DATA RECORDS:
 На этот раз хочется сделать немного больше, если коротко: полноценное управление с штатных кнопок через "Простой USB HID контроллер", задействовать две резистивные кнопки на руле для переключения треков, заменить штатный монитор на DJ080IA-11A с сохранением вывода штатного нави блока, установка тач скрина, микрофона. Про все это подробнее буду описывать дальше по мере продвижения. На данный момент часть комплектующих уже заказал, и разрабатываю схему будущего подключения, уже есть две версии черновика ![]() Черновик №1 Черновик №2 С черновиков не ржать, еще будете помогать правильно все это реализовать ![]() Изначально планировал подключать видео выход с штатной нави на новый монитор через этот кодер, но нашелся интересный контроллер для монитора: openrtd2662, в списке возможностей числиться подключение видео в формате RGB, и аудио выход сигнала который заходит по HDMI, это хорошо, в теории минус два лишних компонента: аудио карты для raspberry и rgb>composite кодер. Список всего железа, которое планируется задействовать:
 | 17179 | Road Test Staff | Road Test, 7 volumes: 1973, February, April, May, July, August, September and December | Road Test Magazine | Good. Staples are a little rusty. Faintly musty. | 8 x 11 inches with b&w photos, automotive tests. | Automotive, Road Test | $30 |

---

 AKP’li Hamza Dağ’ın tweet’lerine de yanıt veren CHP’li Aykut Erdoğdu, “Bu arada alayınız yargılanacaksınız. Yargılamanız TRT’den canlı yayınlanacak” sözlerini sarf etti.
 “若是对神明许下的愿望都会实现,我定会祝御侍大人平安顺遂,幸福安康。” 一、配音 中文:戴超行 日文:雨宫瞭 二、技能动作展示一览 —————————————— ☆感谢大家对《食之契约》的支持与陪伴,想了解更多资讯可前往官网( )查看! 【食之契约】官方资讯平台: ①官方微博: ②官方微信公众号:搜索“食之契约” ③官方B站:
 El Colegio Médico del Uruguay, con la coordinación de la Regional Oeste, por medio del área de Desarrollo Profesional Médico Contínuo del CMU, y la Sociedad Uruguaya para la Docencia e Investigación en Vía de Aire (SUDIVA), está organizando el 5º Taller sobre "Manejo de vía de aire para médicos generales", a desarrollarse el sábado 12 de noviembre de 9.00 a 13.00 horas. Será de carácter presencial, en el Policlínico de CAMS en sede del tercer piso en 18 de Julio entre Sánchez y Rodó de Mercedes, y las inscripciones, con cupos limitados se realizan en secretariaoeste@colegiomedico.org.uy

--

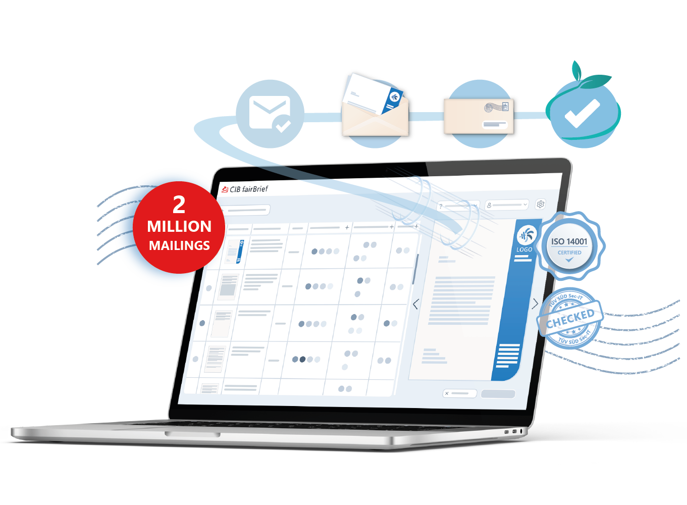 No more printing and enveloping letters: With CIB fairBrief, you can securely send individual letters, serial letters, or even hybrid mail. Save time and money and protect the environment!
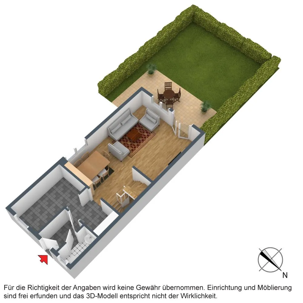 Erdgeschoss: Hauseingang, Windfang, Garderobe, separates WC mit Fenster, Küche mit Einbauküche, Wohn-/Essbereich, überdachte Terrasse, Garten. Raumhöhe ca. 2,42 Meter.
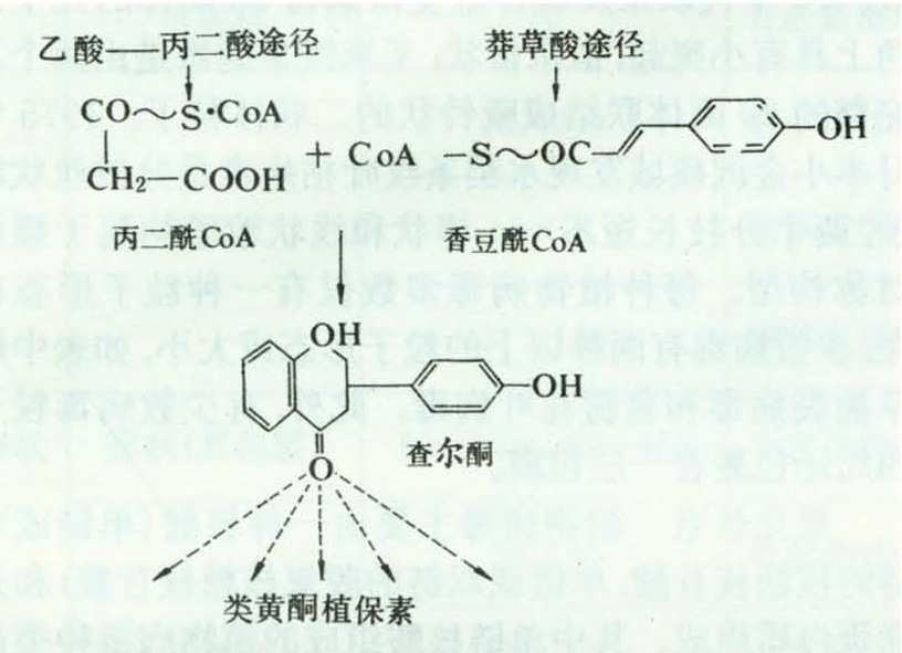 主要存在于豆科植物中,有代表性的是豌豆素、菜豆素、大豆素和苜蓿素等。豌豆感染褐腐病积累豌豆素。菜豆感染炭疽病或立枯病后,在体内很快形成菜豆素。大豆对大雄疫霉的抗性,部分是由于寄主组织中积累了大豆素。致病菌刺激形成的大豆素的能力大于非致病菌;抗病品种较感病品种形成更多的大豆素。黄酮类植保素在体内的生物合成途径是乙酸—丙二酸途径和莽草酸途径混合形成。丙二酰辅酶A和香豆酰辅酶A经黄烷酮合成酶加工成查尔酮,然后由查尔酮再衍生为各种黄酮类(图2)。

TASK TO COMPLETE: What you return should be exactly the lines above, starting at the one with "一、配音 中文:戴超行 日文:雨宫瞭" and ending at the one with "El Colegio Médico", and nothing else.

ANSWER SPACE:
 “若是对神明许下的愿望都会实现,我定会祝御侍大人平安顺遂,幸福安康。” 一、配音 中文:戴超行 日文:雨宫瞭 二、技能动作展示一览 —————————————— ☆感谢大家对《食之契约》的支持与陪伴,想了解更多资讯可前往官网( )查看! 【食之契约】官方资讯平台: ①官方微博: ②官方微信公众号:搜索“食之契约” ③官方B站:
 El Colegio Médico del Uruguay, con la coordinación de la Regional Oeste, por medio del área de Desarrollo Profesional Médico Contínuo del CMU, y la Sociedad Uruguaya para la Docencia e Investigación en Vía de Aire (SUDIVA), está organizando el 5º Taller sobre "Manejo de vía de aire para médicos generales", a desarrollarse el sábado 12 de noviembre de 9.00 a 13.00 horas. Será de carácter presencial, en el Policlínico de CAMS en sede del tercer piso en 18 de Julio entre Sánchez y Rodó de Mercedes, y las inscripciones, con cupos limitados se realizan en secretariaoeste@colegiomedico.org.uy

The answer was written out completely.